Paradox and Contexts

Graham Klyne wrote:
> 
> At 08:26 PM 11/28/00 +0100, Pierre-Antoine CHAMPIN wrote:
> >This sentence has five words.
> >This sentence is in english.
> >This sentence begins with "This".
> >This sentence talks about itself.
> >
> >Look at the RDF version of the last example above :
> >
> >  [stidD, stidD, rdf:subject, stidD]
> >
> >Funny, isn't it ?
> >Not very useful, but definitely consistent.

I should have precised, I use the syntax [id, s, p, o]...

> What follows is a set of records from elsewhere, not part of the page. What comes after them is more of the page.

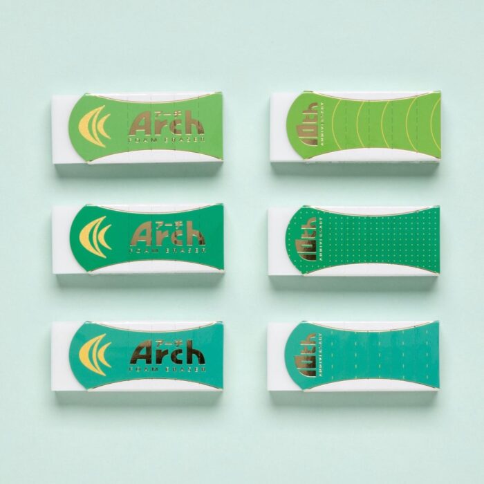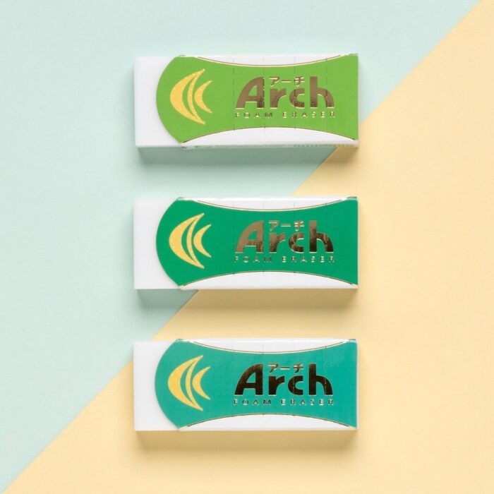 「アーチ消しゴム」は、ケースを曲線(アーチ)状にすることで、生地の食い込みを劇的に軽減した消しゴムだ。また、プラスチック生地に特殊発泡体(メラミンフォーム)を入れており、従来のプラスチック消しゴムよりも、①よく消える ②軽い力で消せる ③消しクズがまとまる ④コシがあって折れにくい ⑤消しゴムが汚れにくいといった、総合的に優れた特長を持ち合わせている。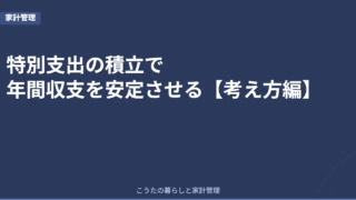 家計管理 特別支出の積立で年間収支を安定させる【考え方編】 毎月黒字なのに年末に貯金が残らない原因は特別支出の管理不足。特別費を年間で把握して積み立てる仕組みの考え方を解説した入門編。家計年間収支を安定させる積立管理術の基礎を紹介します。 2026.04.05 家計管理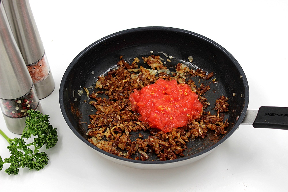 Перемешать и добавить измельчённые томаты.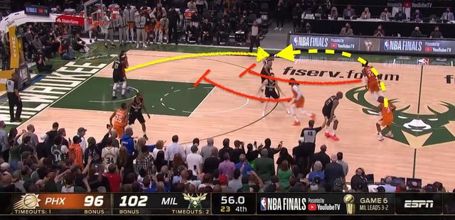 比赛最后56.9秒,太阳96:102落后雄鹿6分。此时,太阳主帅蒙蒂叫了暂停,进行战术布置,进行最后一搏。对于太阳来说,雄鹿防守重心肯定在布克和保罗身上。蒙蒂也针对这一特点进行了战术布置。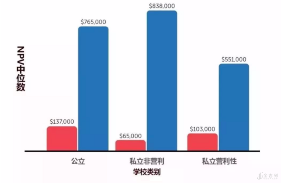 长期来看,在还完高额的学生贷款后,私立学校的平均40年NPV为838,000美元,要比公立学校的765,000美元高得多。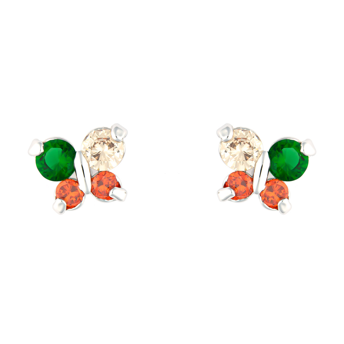 Ein Schmetterling mit liebevoll zusammen gestellten Farben als Frühlingsbote. Durch den Facettenschliff der Schmucksteine funkeln die silberfarbenen Ohrstecker im Licht. Farbenfrohe Sommerbegleiter, die jedes Outfit gekonnt abrunden.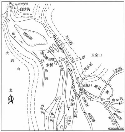 都江堰位于岷江上游成都的西北。這里是岷江進(jìn)入成都平原的起點(diǎn),在地形上具有自流引水的良好條件。要實(shí)現(xiàn)引岷江水進(jìn)入成都,首先需開(kāi)鑿引水口,寶瓶口是利用岷山山脈余端鑿開(kāi)的永久性進(jìn)水口,是都江堰最早興建的關(guān)鍵性工程。寶瓶口開(kāi)鑿成功為都江堰的發(fā)展開(kāi)創(chuàng)了廣闊的前景。都江堰經(jīng)歷了不斷完善和發(fā)展的過(guò)程,至遲在唐代渠首即具備了現(xiàn)在的規(guī)模,形成了由分水工程——魚(yú)嘴、導(dǎo)流工程——百丈堤和人字堤、調(diào)節(jié)工程——飛沙堰、進(jìn)水口——寶瓶口組成的樞紐工程。魚(yú)嘴建在岷江江心洲的頂端,江水在此一分為二,左側(cè)水流稱(chēng)內(nèi)江,水流經(jīng)百丈堤、人字堤、飛沙堰、寶瓶口的綜合調(diào)節(jié),余水通過(guò)飛沙堰匯入岷江。渠首各工程組成有機(jī)的整體。科學(xué)的布置和合理的高程控制使都江堰排放相宜,運(yùn)行至今,效益不減。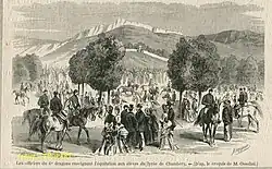 - – les escadrons de combat s'initient quant à eux au milieu montagnard, dans les Vosges puis à Gap (Hautes-Alpes), Chamrousse (Isère) et Modane (Savoie), accueillis ici dans les infrastructures de bataillons de chasseurs alpins. Lors de ces stages, des brevets d'aptitude montagne sont décernés. Le 2e escadron effectue même un stage commando au camp des Rousses (Jura) en . Cet aguerrissement montagne constitue en quelque sorte un retour aux sources puisque, il faut le rappeler, le 6e dragons a stationné par deux fois à Chambéry aux alentours de 1870.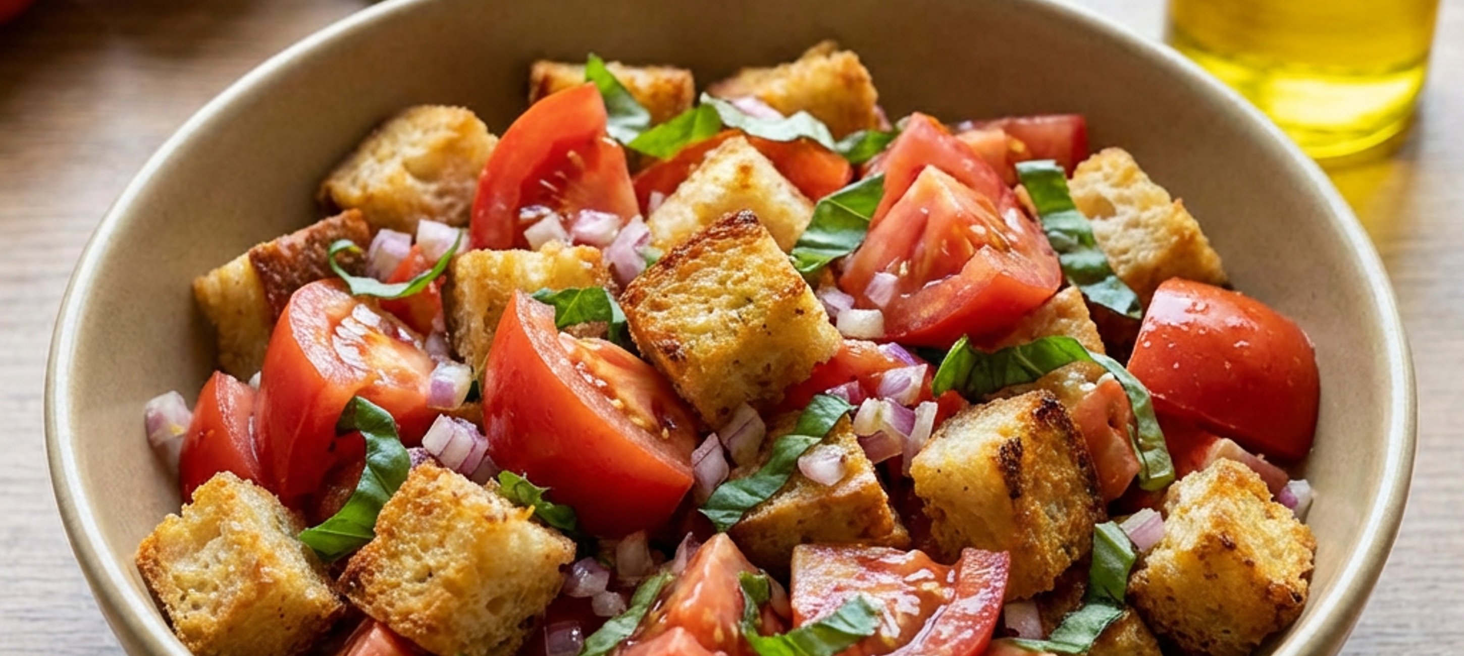 - 4Place the chopped tomatoes, onion, and basil in a bowl, then season with salt and pepper. Add the toasted bread pieces, drizzle with a little red wine vinegar and olive oil. Mix the salad and let it rest at room temperature. Stir again before serving.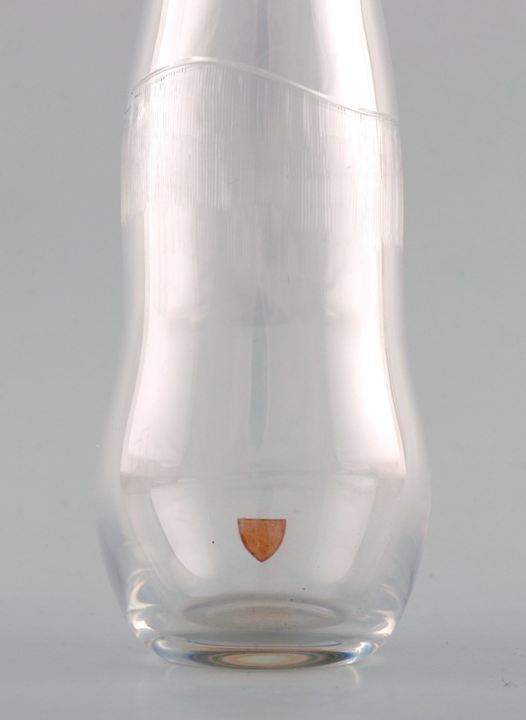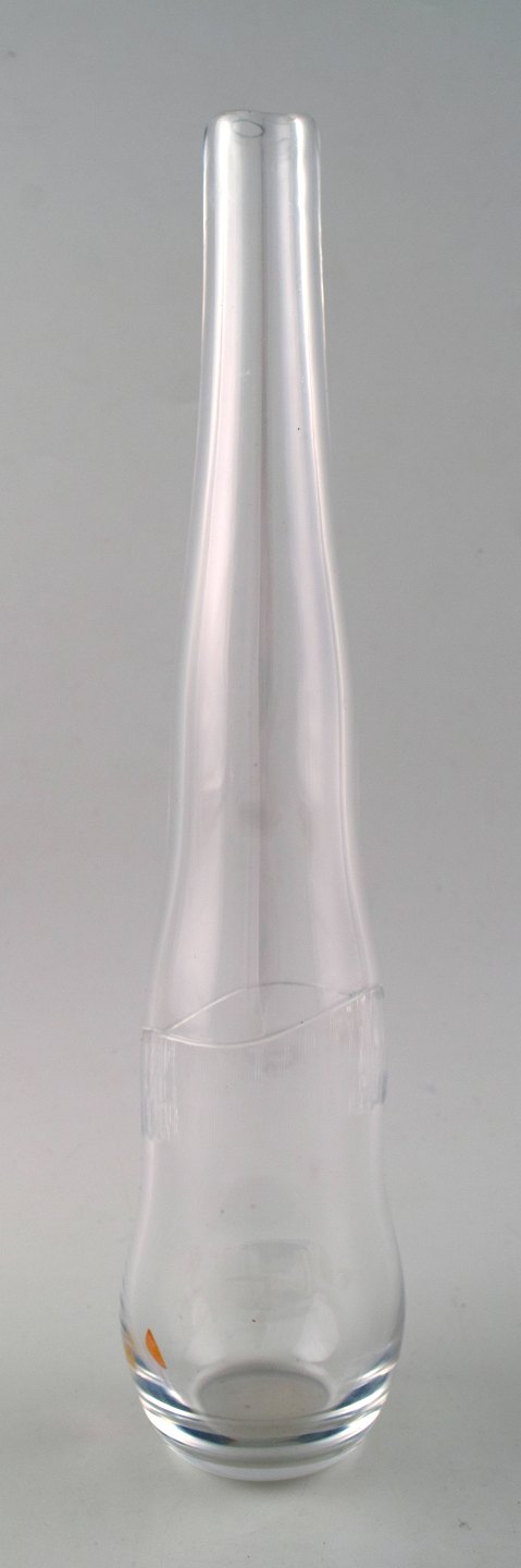 Stor Orrefors kunstglasvase, stilrent svensk design. 1950/60´erne. Signeret : Orrefors fa 3453/1 32 cm. høj. I god stand.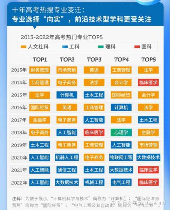 (图注:十年高考热搜专业变迁)从这份热搜专业的数据变迁中可以我们可以看出,2013年到2016年间,直接与金融商贸相关的财务管理、国际经贸、金融学等专业最为吃香,不仅排名第一,还占据了热搜专业的大半江山。在2013年到2016年这段时间中,社会对于工科的了解尚少,孩子如说起想学工科,计算机便是第一选择,但对于这个发展方向宽广的专业来说,人们的了解尚欠缺。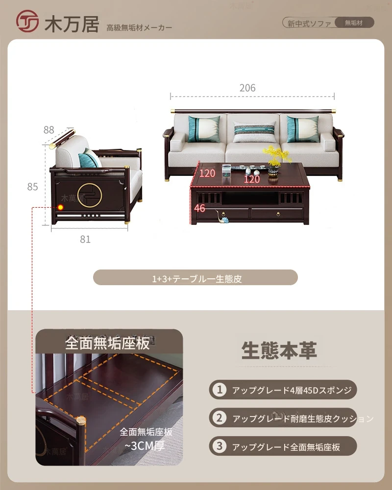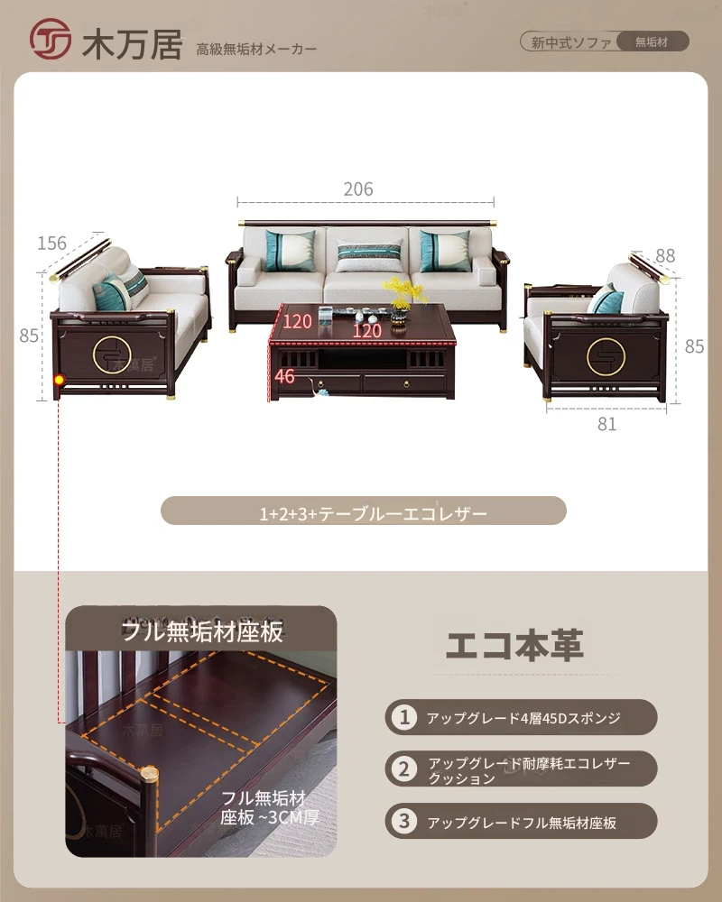 1+3+ローテーブル【4層45Dウレタン+耐摩耗エコレザー+フル無垢板】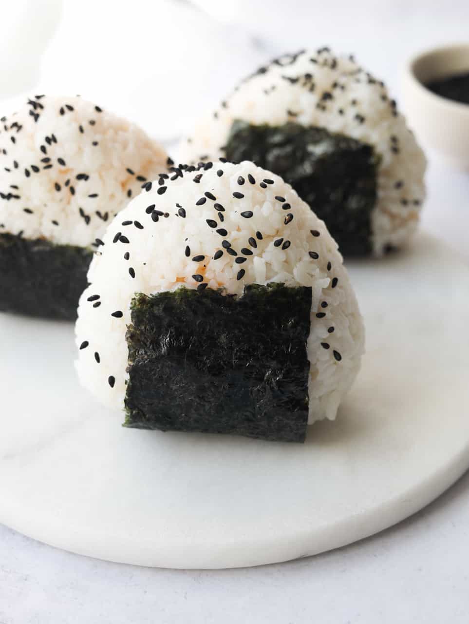 - Remove the triangle rice ball from the plastic wrap and stick the rough side of the nori strip on the base of the ball starting from the middle down. Garnish with black sesame seeds and enjoy fresh!

> This in turn caused me to review my thoughts about multiple models for a
> given statement.  Consider two 'quads':
> 
>    [r1, p, s, o]
>    [r2, p, s, o]
> 
> What are the corresponding RDF triples?  I think:
> 
>    [p, s, o]
> 
>    [r1, rdf:type, rdf:Statement]
>    [r1, rdf:predicate, p]
>    [r1, rdf:subject, s]
>    [r1, rdf:object, o]
> 
>    [r2, rdf:type, rdf:Statement]
>    [r2, rdf:predicate, p]
>    [r2, rdf:subject, s]
>    [r2, rdf:object, o]
> 
> Note that the basic triple appears just once, even though it appears in two
> quads.  This, I think, is roughly what happens when id= is applied to an
> RDF property in its XML serialization.
> 
> Actually, the approach I've taken for my contexts ideas is slightly
> different:  the quad notation actually defines the reification, without
> asserting the statement triple.  A statement is asserted in a context by an
> RDF property that links the reification to the context.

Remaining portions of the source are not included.